** EXERCISE DESCRIPTION **
Starting with the line with "конверт с европодвесом." in the entries below and going on through the line with "笹には防腐作用があり香りもよ", output every line exactly and nothing more. No pictures.

** RECORDS SUPPLIED **
-- Opening Marker --

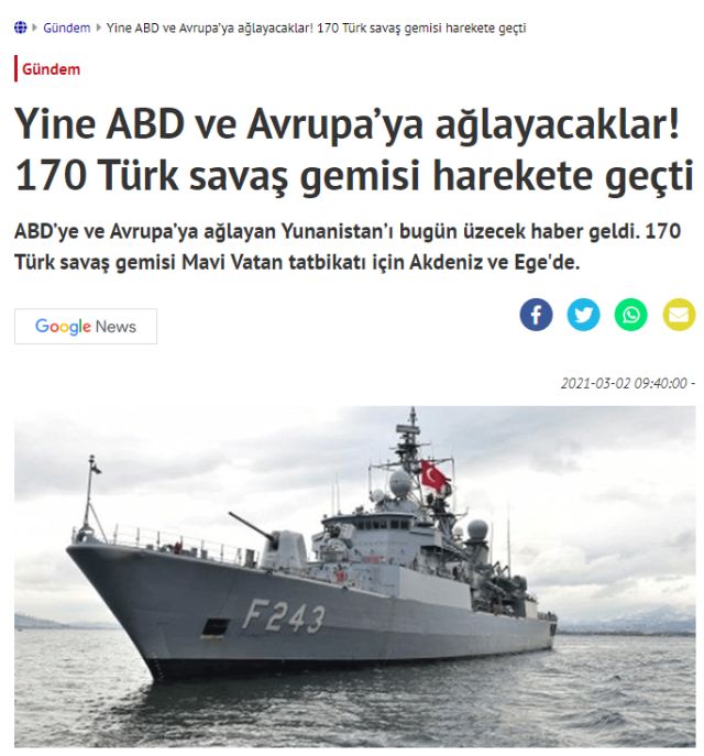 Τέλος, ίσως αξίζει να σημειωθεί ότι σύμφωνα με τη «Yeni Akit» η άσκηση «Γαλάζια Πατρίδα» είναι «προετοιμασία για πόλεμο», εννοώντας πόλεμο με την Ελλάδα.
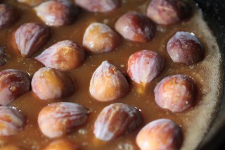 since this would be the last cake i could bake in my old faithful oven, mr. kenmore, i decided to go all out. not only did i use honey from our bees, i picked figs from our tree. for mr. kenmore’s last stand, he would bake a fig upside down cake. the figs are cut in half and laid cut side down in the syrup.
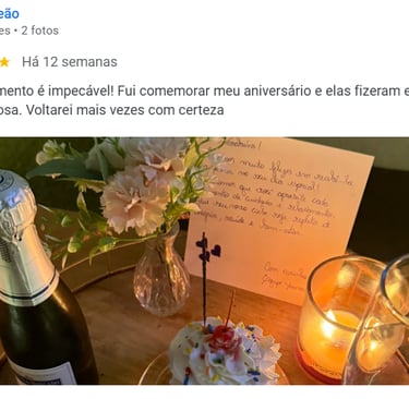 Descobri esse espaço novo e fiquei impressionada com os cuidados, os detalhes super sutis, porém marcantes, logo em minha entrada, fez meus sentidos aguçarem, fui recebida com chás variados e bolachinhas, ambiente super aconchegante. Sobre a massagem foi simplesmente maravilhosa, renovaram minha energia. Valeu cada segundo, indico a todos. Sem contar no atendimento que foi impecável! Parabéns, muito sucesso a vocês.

-- Closing Marker --
-- Opening Marker --

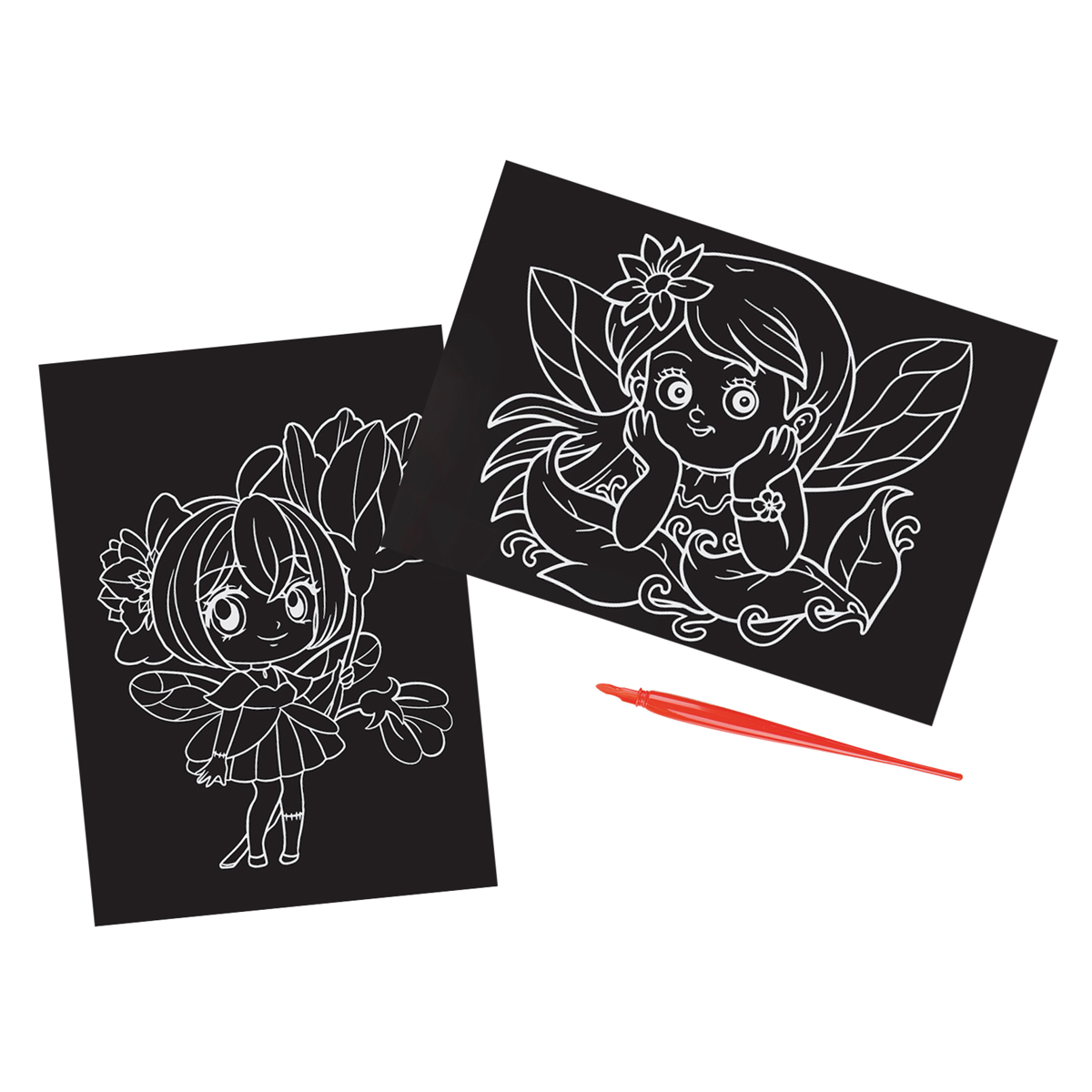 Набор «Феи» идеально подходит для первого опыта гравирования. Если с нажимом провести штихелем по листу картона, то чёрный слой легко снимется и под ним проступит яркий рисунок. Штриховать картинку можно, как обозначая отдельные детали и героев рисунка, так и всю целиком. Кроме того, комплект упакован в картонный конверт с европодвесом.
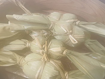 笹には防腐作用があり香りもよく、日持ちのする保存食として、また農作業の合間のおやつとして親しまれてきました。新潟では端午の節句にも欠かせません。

-- Closing Marker --
-- Opening Marker --

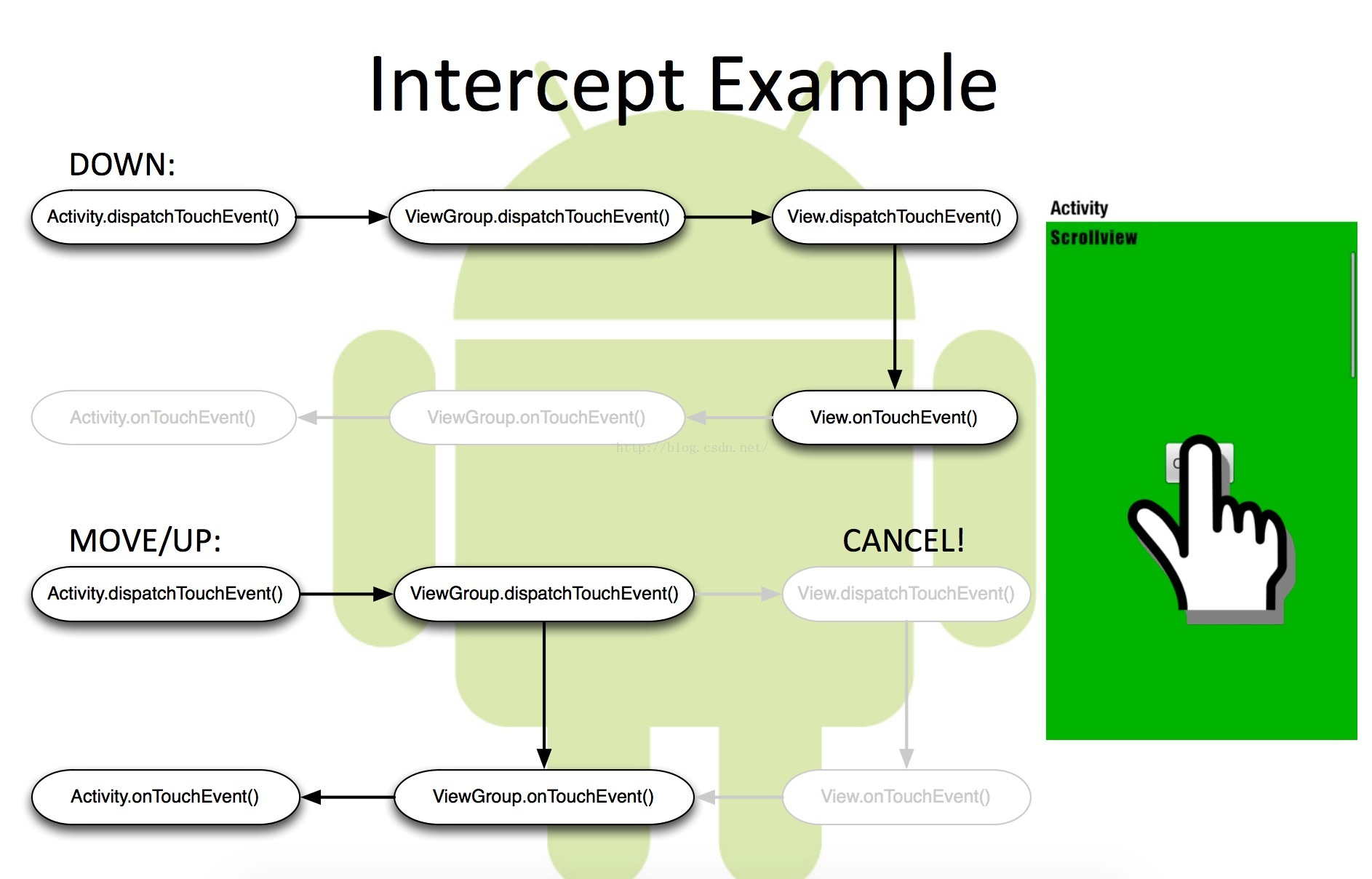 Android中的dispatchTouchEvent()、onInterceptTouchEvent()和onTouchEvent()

-- Closing Marker --

** TASK ANSWER **
 Набор «Феи» идеально подходит для первого опыта гравирования. Если с нажимом провести штихелем по листу картона, то чёрный слой легко снимется и под ним проступит яркий рисунок. Штриховать картинку можно, как обозначая отдельные детали и героев рисунка, так и всю целиком. Кроме того, комплект упакован в картонный конверт с европодвесом.
 笹には防腐作用があり香りもよく、日持ちのする保存食として、また農作業の合間のおやつとして親しまれてきました。新潟では端午の節句にも欠かせません。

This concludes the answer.